We totally get that you may have a favorite shirt from another brand, but not all shirts are created equally and this is especially true when it comes to high-end DTG printing. It takes a considerable amount of time working with manufacturers and printers to find that sweet spot that results in a high quality printed garment, so this won’t ever be an option and anyone who says that they’ll do it is prepared to give you a mediocre product.
Your new shirt is ready to wash and wear as soon as it’s in your hands, so no need to do anything weird to ‘break it in’ or anything like that. All of our shirts come with the manufacturer’s care tag, so definitely defer to that, but below are some general guidelines.
High-quality cotton is super durable, which makes it less prone to accidental rips or tears. However, cotton isn’t as durable as polyester or cotton/polyester blends. Just like most natural materials, it can shrink when subjected to high temperatures. So when washing a cotton shirt, use cold water and avoid adding too much detergent as doing so can affect the wear and tear of the material. Choose delicate cycle setting on your washing machine to prevent color fading.

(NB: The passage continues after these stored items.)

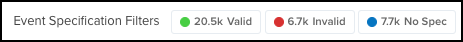 イベント仕様が定義されている場合、ライブイベントは入力データの品質を表示します。チャートの各バーは、適用されたイベント仕様のステータスに応じてセグメント化されます。以下のフィルタは、チャートの表示を調整するためにオンまたはオフに切り替えることができます:
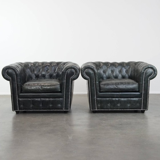 2 x Ruime zwarte chesterfield fauteuil van generfd rundleer
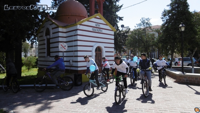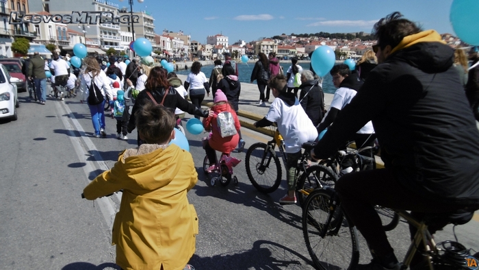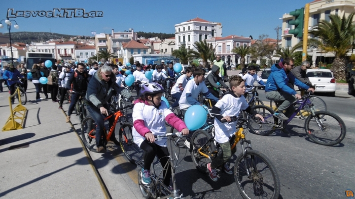 Με σύνθημα "Ο αυτισμός και το ποδήλατο μπορούν να γίνουν 2 καλοί φίλοι αρκεί να βρεθεί η ισορροπία" βρεθήκαμε για 2η συνεχή χρονιά μπροστά στο παλιό Δημαρχείο καλεσμένοι του συλλόγου "Συνεξέλιξη - Σύλλογος γονέων και φίλων ανθρώπων με αυτισμό - Λέσβος" να ποδηλατήσουμε μαζί με πεζούς στην προκυμαία της Μυτιλήνης στα πλαίσια της παγκόσμιας ημέρας Αυτισμού. Ο τελικός προορισμός μας άλλαξε λόγω του δυνατού αέρα και αντί για τα Τσαμάκια, κινηθήκαμε σε δρόμους που ο άνεμος δεν ήταν τόσο έντονος, έως το πάρκο του Αγ. Ευδόκιμου. Εκεί αφού συγκεντρώθηκε όλη η πορεία των ποδηλάτων και των πεζών που αριθμούσε πάνω από 200 άτομα, τα παιδάκια είχαν την ευκαιρία να δοκιμάσουν παγωτά από το κινητό παγωτατζίδικο του ζαχαροπλαστείου "Πανταζής" και να παίξουν με τα ποδήλατά τους. Η κα Τασούλα Σκούρτσου - Αναγνώστου πρόεδρος της "Συνεξέλιξης" έβγαλε ένα σύντομο λόγο κι αφού ευχαρίστησε όσους βοήθησαν στην διεξαγωγή αυτής της εκδήλωσης κάνοντας ειδική αναφορά στον Ποδηλατικό Σύλλογο Λέσβου, έκλεισε μ' ένα αλληγορικό παραμύθι. Στο τέλος της εκδήλωσης κληρώθηκε ποδήλατο από λαχνούς που είχαν προπωληθεί, το οποίο κέρδισε τυχερός ποδηλάτης από την Καλλονή.
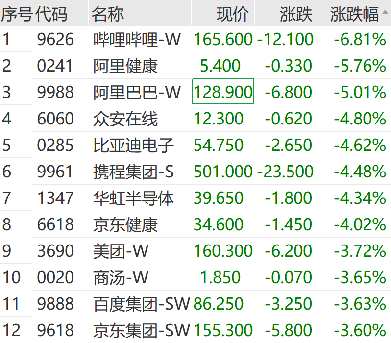 港股早间大幅低开,恒生科技指数大跌4.3%。上午港股市场震荡上行,截至发稿跌幅有所收窄,恒生科技指数跌幅仍超2%。哔哩哔哩、阿里健康、阿里巴巴等跌超5%,领跌恒生科技指数成份股。
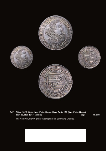 347 Taler, 1629, Glatz, Mm. Peter Hema, MzA. Seite 126 (Mm. Peter Hema), Her. 30, Hal. 1317, 28,94g stgl 15.000,- Rv.: Nach ARCHIDVX grüner Tuschepunkt (ex Sammlung Chaura).

Polyester is very durable, more so than cotton and most blended fabrics. It’s also difficult to stain permanently because polyester is less absorbent than most fabrics. Polyester fabrics are also known for their resistance to wrinkling, shrinking and fading when properly taken care of. That said, it’s recommended to machine wash polyester garments in warm water with all-purpose detergent, then follow up with tumble-dry at a low-temperature setting.
All garments experience some shrinkage, even premium quality pre-shrunk shirts like ours. Just like most natural materials, it can shrink when subjected to high temperatures, so when washing a cotton shirt, use cold water and avoid adding too much detergent as doing so can affect the wear and tear of the material.